TASK TO CARRY OUT => Having located "Een mooi geboortekaartje" in the listing below, write out its line and every following line exactly, last line included, without the pictures.
────────
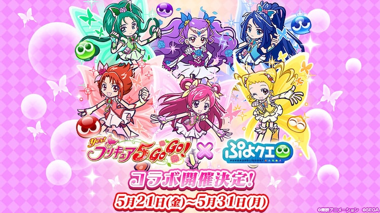 アニメ「Yes!プリキュア5GoGo!」とのコラボイベントが、セガのスマートフォン向けパズルRPG「ぷよぷよ!!クエスト」で5月21日より開催される。
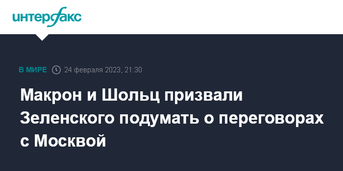 Москва. 24 февраля. INTERFAX.RU - Президент Франции Эммануэль Макрон и канцлер Германии Олаф Шольц на недавней встрече в Париже призывали президента Украины Владимира Зеленского рассмотреть возможность переговоров с Москвой, сообщает в пятницу The Wall Street Journal (WSJ).
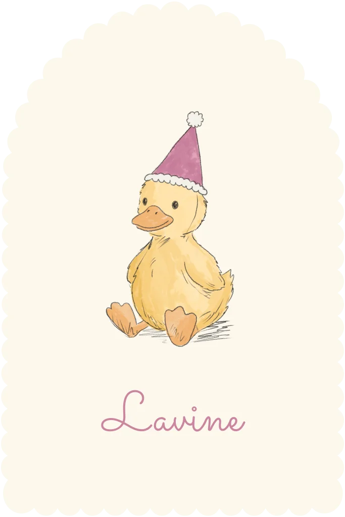 Een mooi geboortekaartje voor een meisje met een halve boogvorm en fijne golfjes langs de randen. Op de voorkant staat een getekend eendje met een muts. De naam staat onder de illustratie in een sierlijk lettertype.
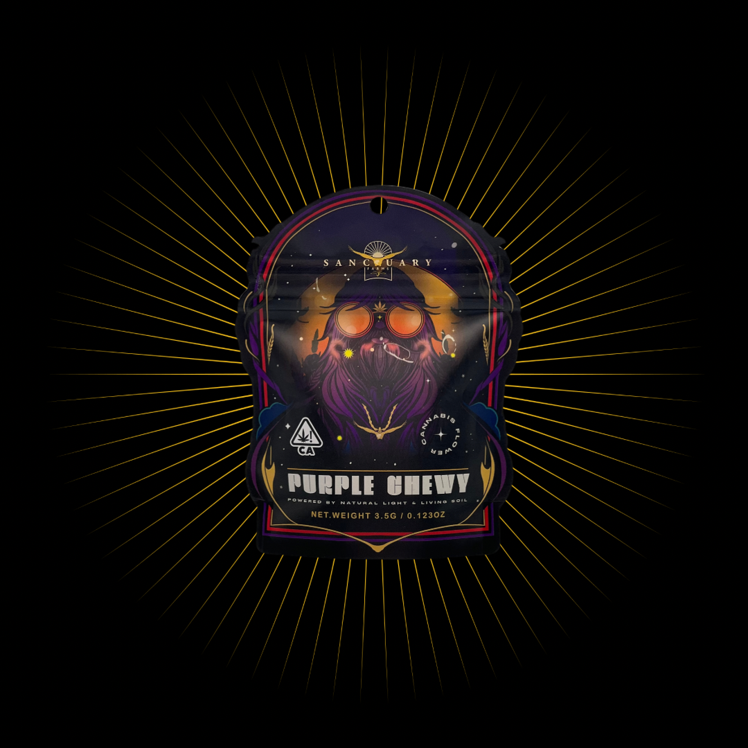 Sanctuary Farms Purple Chewy: An Uncommon Blend of Purple Sierra and NY Sour Diesel This hybrid strain boasts a classic pine aroma with a strong diesel flavor, almost like gasoline. It's characterized by a sweet classic purp undertone with a hint of tanginess at the finish. The herbaceous smoke balances out the flavor profile. Despite being Sativa Dominant, the relaxing yet euphoric effects make it a unique choice for any occasion. This is an exclusive Sanctuary Farm cultivar.
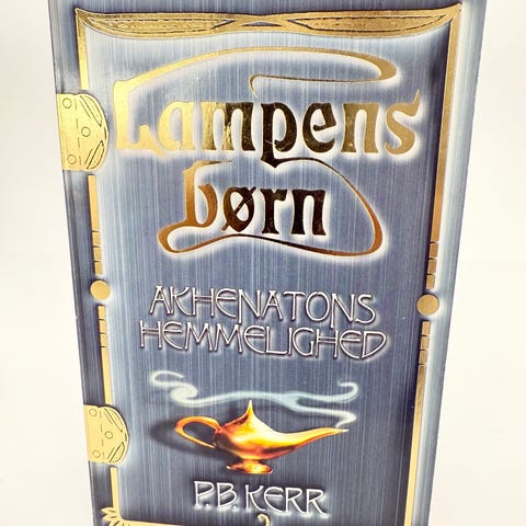 P.B. Kerr Lampens børn bog med titlen 'Kobrakongen fra Kathmandu'. Bogens omslag er rødt med illustration af en kobra. Teksten på bagsiden beskriver bogens temaer og hovedpersoner.
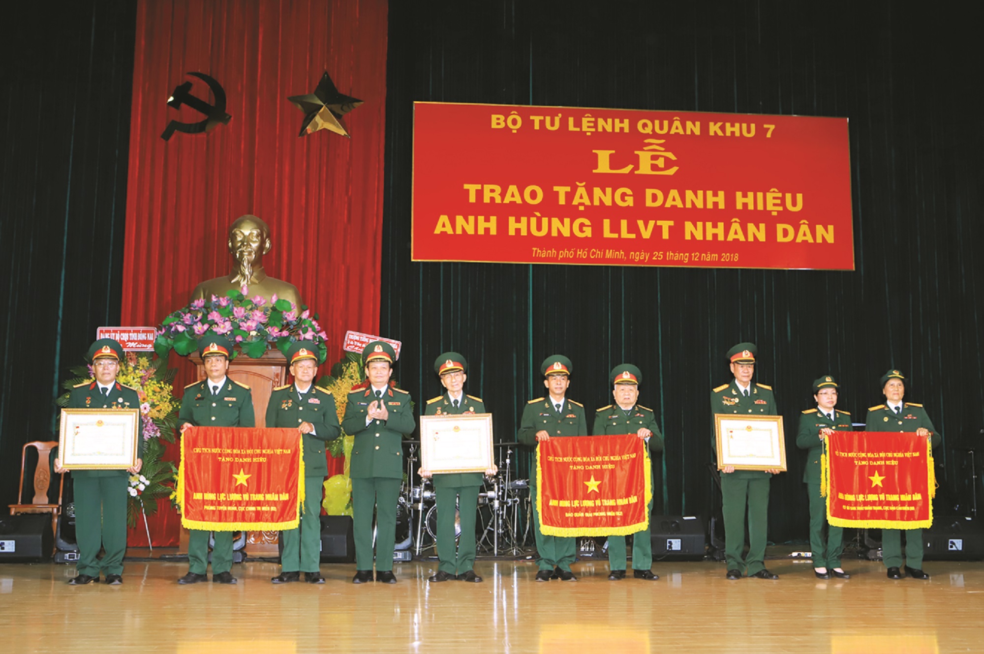 Thừa ủy quyền của Chủ tịch nước, Trung tướng Trần Hoài Trung, Bí thư Đảng ủy, Chính ủy Quân khu trao tặng danh hiệu Anh hùng LLVT Nhân dân cho các đơn vị thuộc Cục Chính trị.
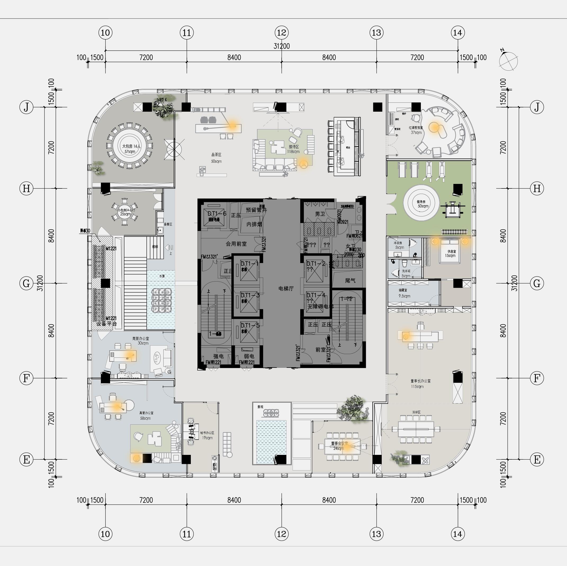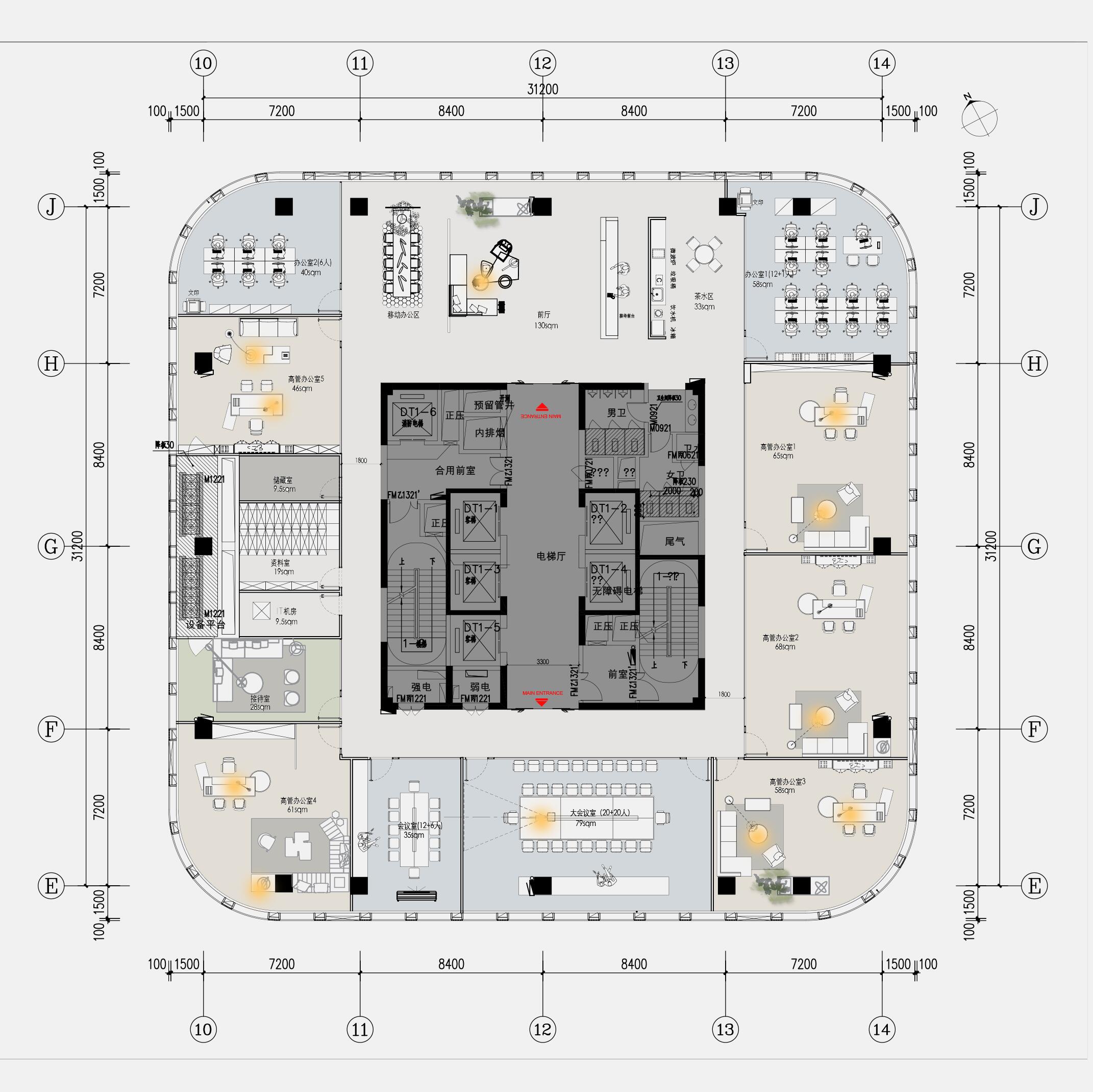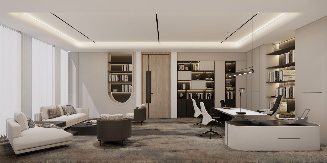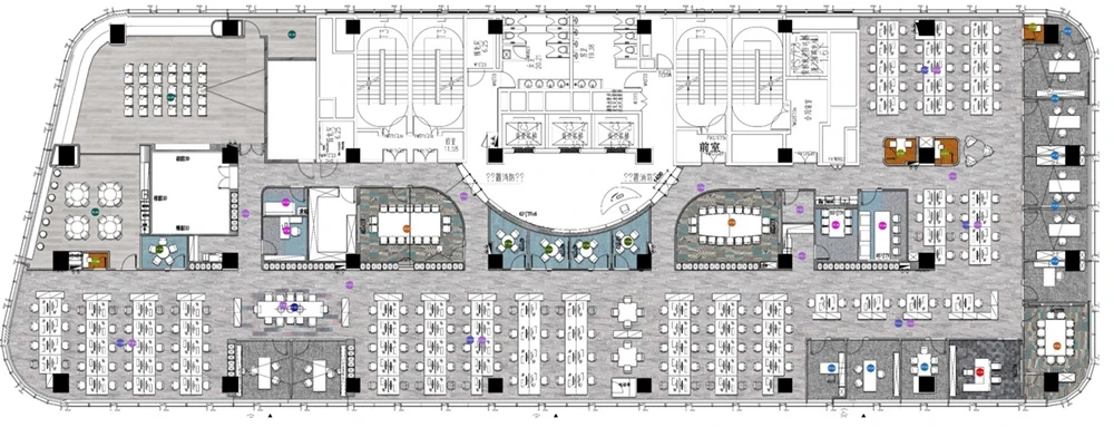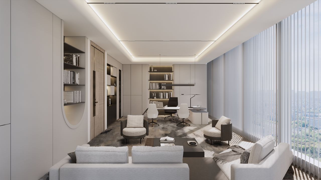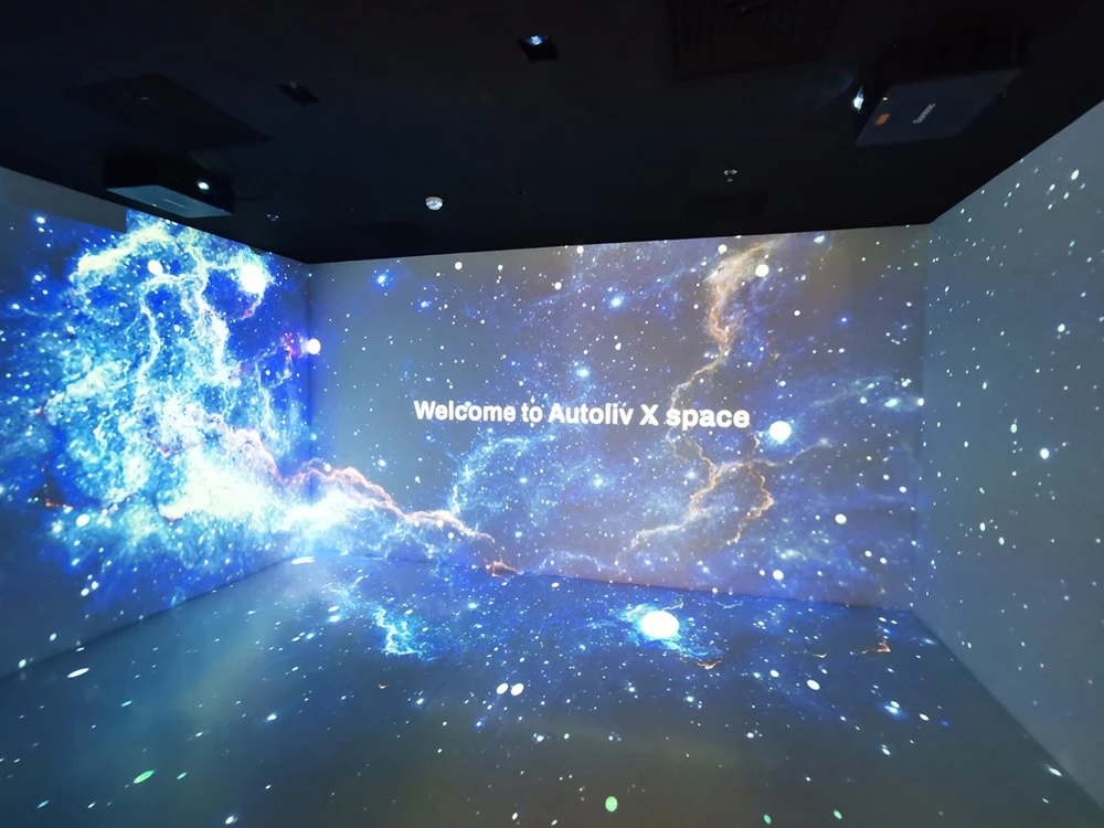 以企业的文化和元素,结合现代,科技的手法,趣味性的体现出企业对人文关怀,轻松活力的新工作环境,怎么与当下疫情下的安全卫生及防控相结合。整体设计打破了传统工作环境的氛围,设计师打造出一个“以人为本”的办公,展示,休闲和生活的个性空间,助力客户的进一步发展、创新和团队凝聚力。在这里,每位员工都能找到最适合自己的工作空间,以自己喜爱的方式和愉悦的心态完成每天的工作。Saving More Lives 是企业的目标,也是这次设计师要在空间里体现的主题。在电梯出来,一步入半圆弧的接待前厅,马上看到的是以安全气囊元素为主创意的,带灯光变化的半弧造型墙,时尚大气。在这纯粹的黑白灰空间里,一个纯白色飞驰动感造型的前台安安静静的摆设在那,在不使用的时候,它也是一个时尚的艺术品。和背镜墙相结合,体现了速度与安全的设计理念。
────────
SOLUTION TO THIS EXERCISE =>
 Een mooi geboortekaartje voor een meisje met een halve boogvorm en fijne golfjes langs de randen. Op de voorkant staat een getekend eendje met een muts. De naam staat onder de illustratie in een sierlijk lettertype.
 Sanctuary Farms Purple Chewy: An Uncommon Blend of Purple Sierra and NY Sour Diesel This hybrid strain boasts a classic pine aroma with a strong diesel flavor, almost like gasoline. It's characterized by a sweet classic purp undertone with a hint of tanginess at the finish. The herbaceous smoke balances out the flavor profile. Despite being Sativa Dominant, the relaxing yet euphoric effects make it a unique choice for any occasion. This is an exclusive Sanctuary Farm cultivar.
 P.B. Kerr Lampens børn bog med titlen 'Kobrakongen fra Kathmandu'. Bogens omslag er rødt med illustration af en kobra. Teksten på bagsiden beskriver bogens temaer og hovedpersoner.
 Thừa ủy quyền của Chủ tịch nước, Trung tướng Trần Hoài Trung, Bí thư Đảng ủy, Chính ủy Quân khu trao tặng danh hiệu Anh hùng LLVT Nhân dân cho các đơn vị thuộc Cục Chính trị.
 以企业的文化和元素,结合现代,科技的手法,趣味性的体现出企业对人文关怀,轻松活力的新工作环境,怎么与当下疫情下的安全卫生及防控相结合。整体设计打破了传统工作环境的氛围,设计师打造出一个“以人为本”的办公,展示,休闲和生活的个性空间,助力客户的进一步发展、创新和团队凝聚力。在这里,每位员工都能找到最适合自己的工作空间,以自己喜爱的方式和愉悦的心态完成每天的工作。Saving More Lives 是企业的目标,也是这次设计师要在空间里体现的主题。在电梯出来,一步入半圆弧的接待前厅,马上看到的是以安全气囊元素为主创意的,带灯光变化的半弧造型墙,时尚大气。在这纯粹的黑白灰空间里,一个纯白色飞驰动感造型的前台安安静静的摆设在那,在不使用的时候,它也是一个时尚的艺术品。和背镜墙相结合,体现了速度与安全的设计理念。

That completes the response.